#### WORK TASK
From the material below, reproduce exactly the stretch of lines that begins with the line holding "One happy girl" and ends with the line holding "Drinkware estelle colored", skipping the pictures.

#### DATA SHOWN
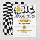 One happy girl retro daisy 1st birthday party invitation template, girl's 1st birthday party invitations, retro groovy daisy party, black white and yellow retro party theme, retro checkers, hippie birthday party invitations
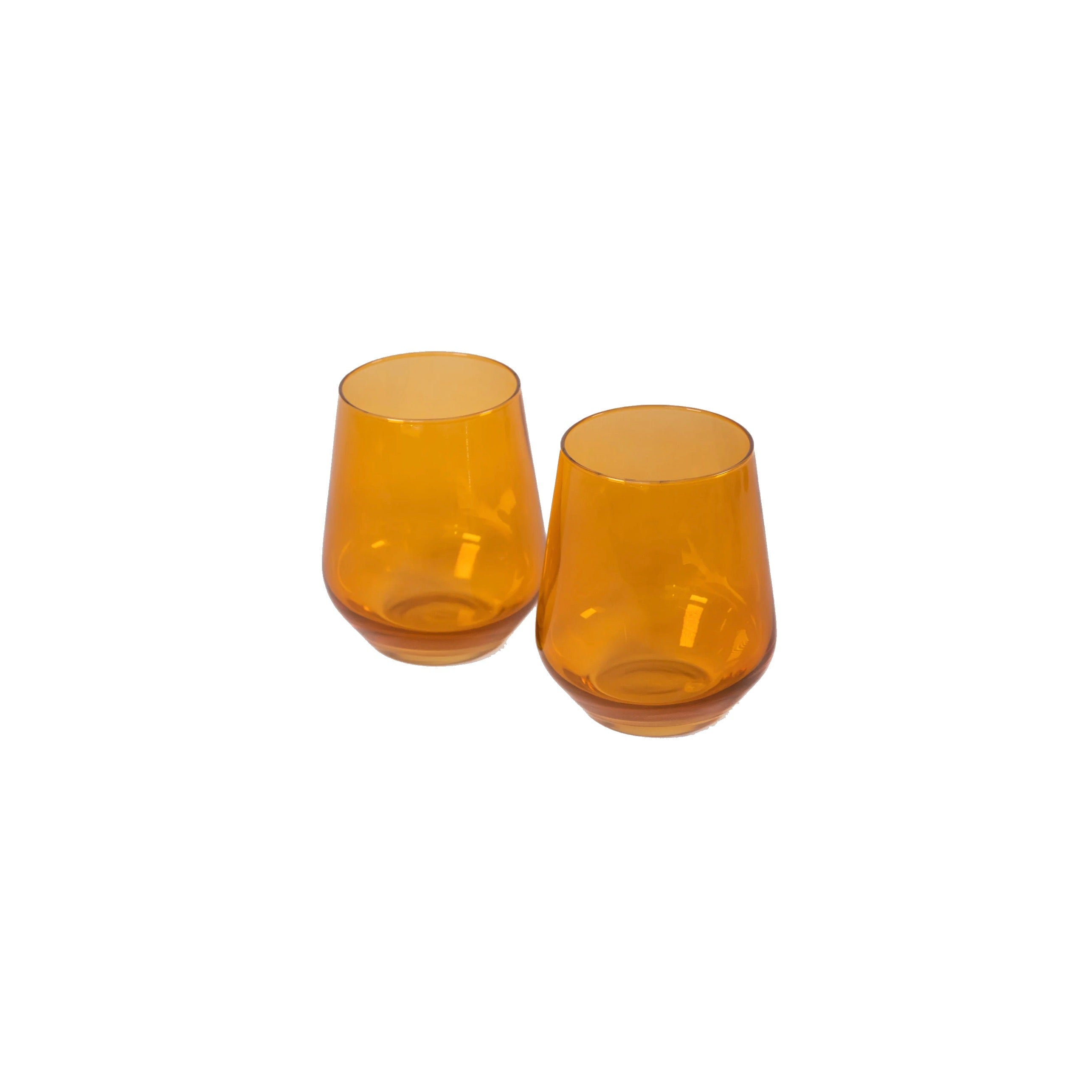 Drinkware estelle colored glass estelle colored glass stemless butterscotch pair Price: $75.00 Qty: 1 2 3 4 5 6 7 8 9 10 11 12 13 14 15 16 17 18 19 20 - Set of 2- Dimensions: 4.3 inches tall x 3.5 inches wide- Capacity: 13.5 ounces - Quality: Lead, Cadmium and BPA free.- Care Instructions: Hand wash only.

---

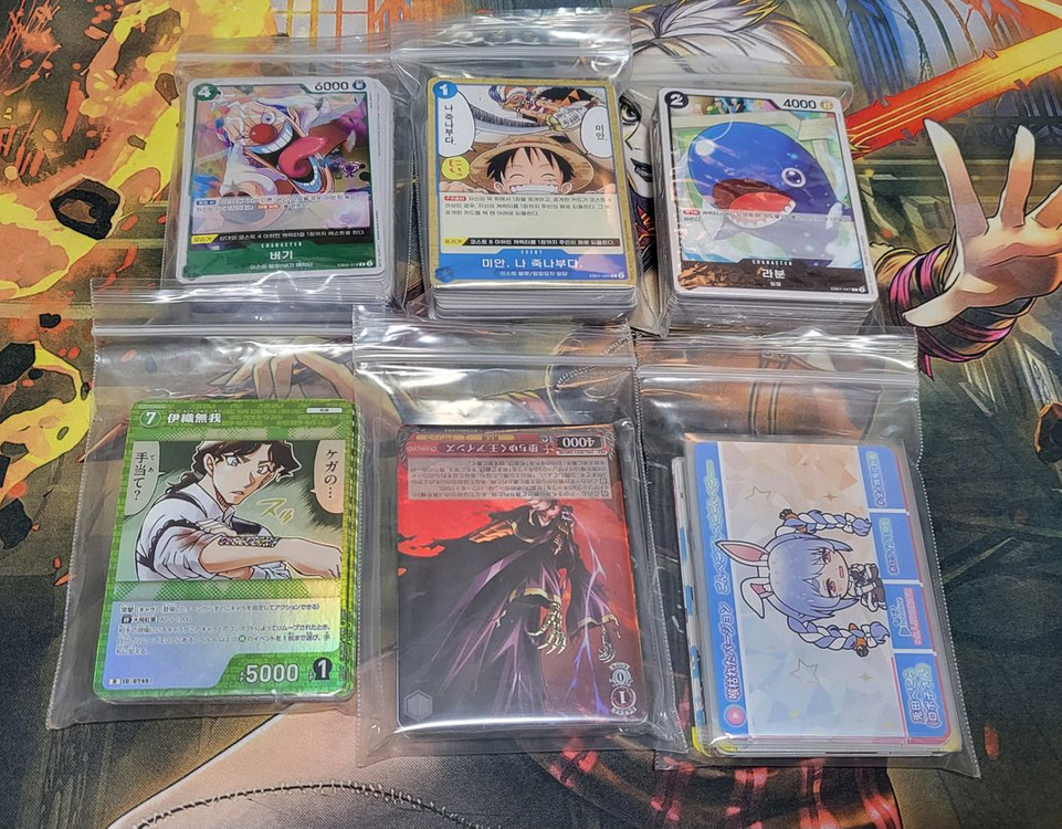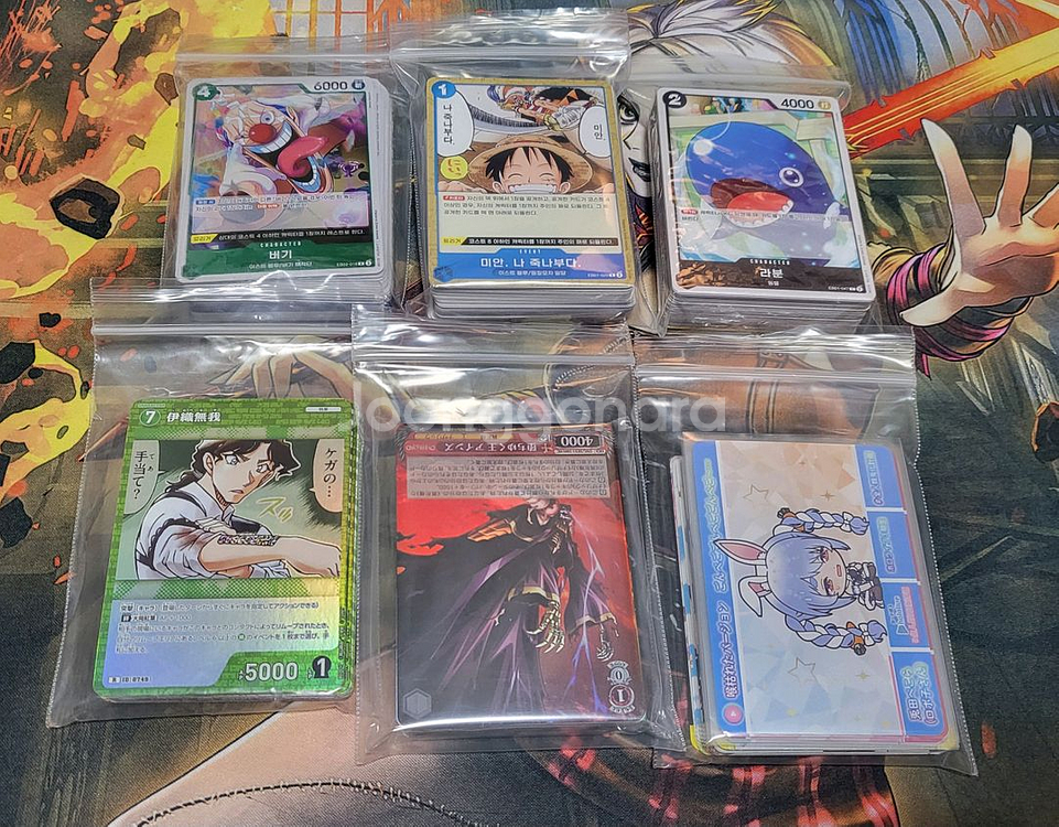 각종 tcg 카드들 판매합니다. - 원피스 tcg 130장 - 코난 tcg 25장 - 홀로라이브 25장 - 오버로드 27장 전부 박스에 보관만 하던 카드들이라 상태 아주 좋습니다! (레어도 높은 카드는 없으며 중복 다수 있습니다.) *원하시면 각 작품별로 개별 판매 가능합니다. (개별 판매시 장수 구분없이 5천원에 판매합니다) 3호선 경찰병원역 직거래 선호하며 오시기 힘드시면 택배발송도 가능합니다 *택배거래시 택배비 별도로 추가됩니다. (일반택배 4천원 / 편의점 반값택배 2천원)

#### SOLVED EXERCISE
 One happy girl retro daisy 1st birthday party invitation template, girl's 1st birthday party invitations, retro groovy daisy party, black white and yellow retro party theme, retro checkers, hippie birthday party invitations
 Drinkware estelle colored glass estelle colored glass stemless butterscotch pair Price: $75.00 Qty: 1 2 3 4 5 6 7 8 9 10 11 12 13 14 15 16 17 18 19 20 - Set of 2- Dimensions: 4.3 inches tall x 3.5 inches wide- Capacity: 13.5 ounces - Quality: Lead, Cadmium and BPA free.- Care Instructions: Hand wash only.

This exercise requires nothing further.